START STORED DATA

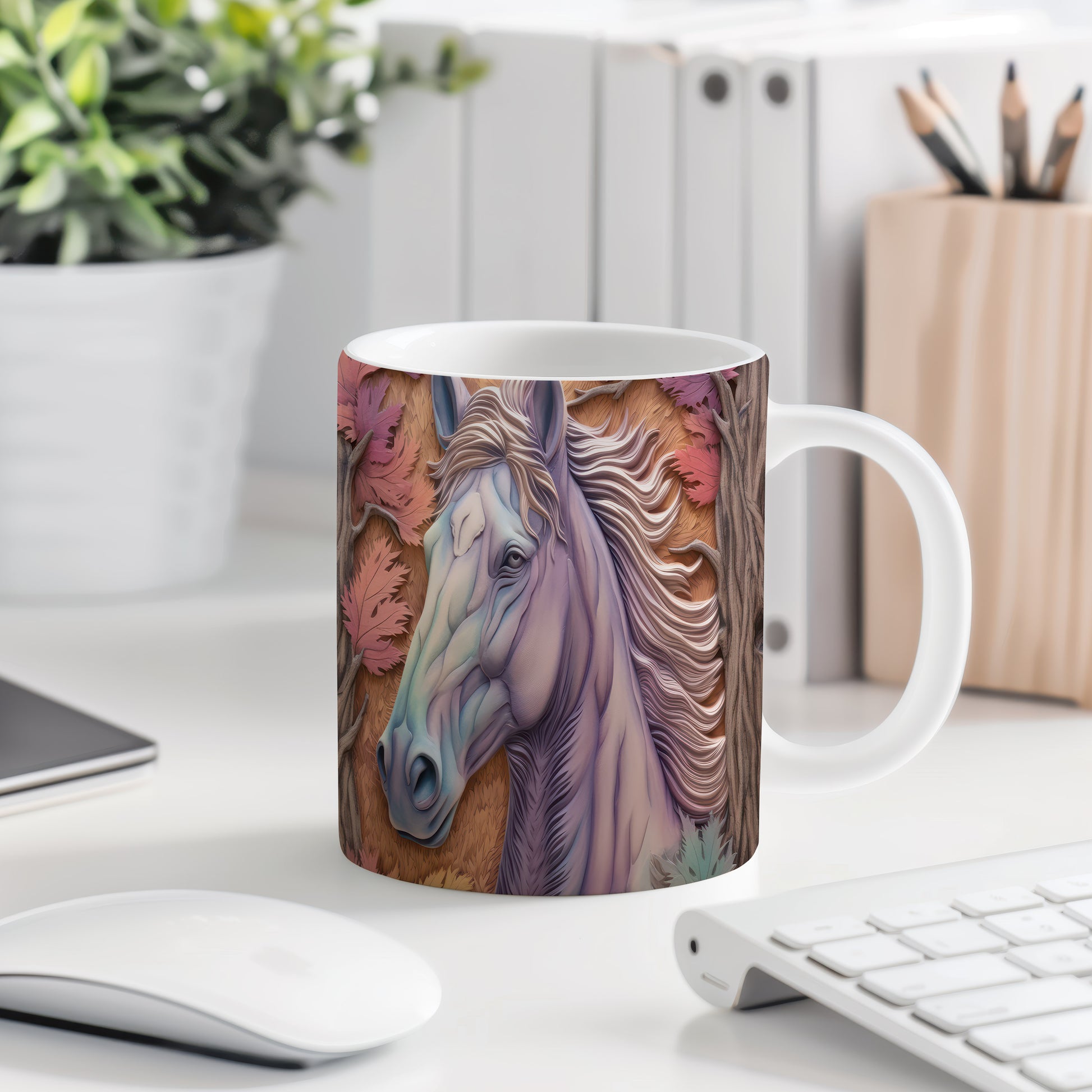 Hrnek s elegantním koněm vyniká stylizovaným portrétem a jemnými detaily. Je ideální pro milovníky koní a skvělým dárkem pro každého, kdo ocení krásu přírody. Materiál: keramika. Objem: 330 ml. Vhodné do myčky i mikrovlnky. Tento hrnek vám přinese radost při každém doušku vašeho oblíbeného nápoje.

END STORED DATA
START STORED DATA

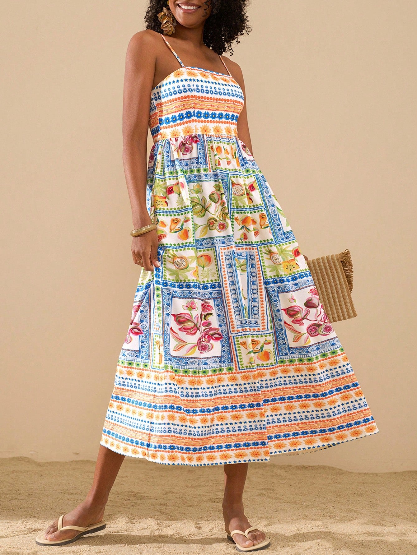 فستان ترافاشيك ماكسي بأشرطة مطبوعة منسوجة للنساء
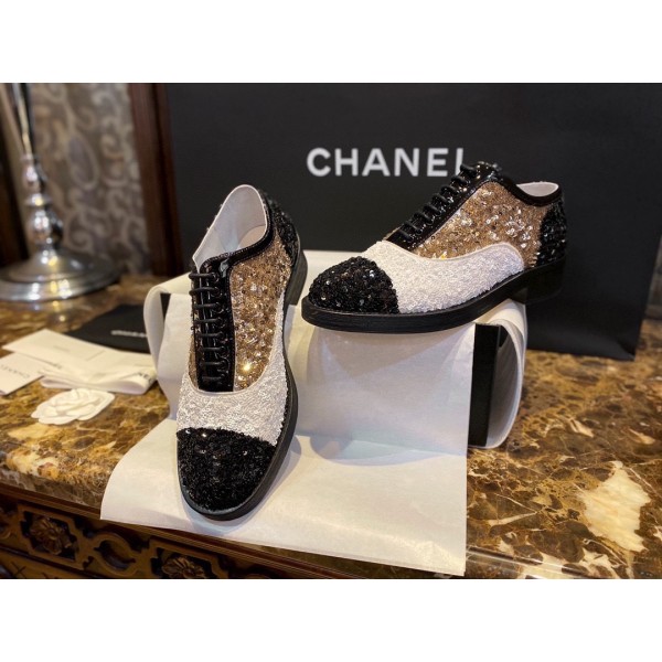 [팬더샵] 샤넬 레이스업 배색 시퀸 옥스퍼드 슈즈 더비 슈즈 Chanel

END STORED DATA

In the listing above, find the line containing "فستان ترافاشيك ماكسي" and the line containing "[팬더샵] 샤넬 레이스업 배색 시퀸 옥스퍼드 슈즈 더비 슈즈 Chanel". Reproduce those lines and all between them exactly, with no pictures and nothing more.

 فستان ترافاشيك ماكسي بأشرطة مطبوعة منسوجة للنساء
 [팬더샵] 샤넬 레이스업 배색 시퀸 옥스퍼드 슈즈 더비 슈즈 Chanel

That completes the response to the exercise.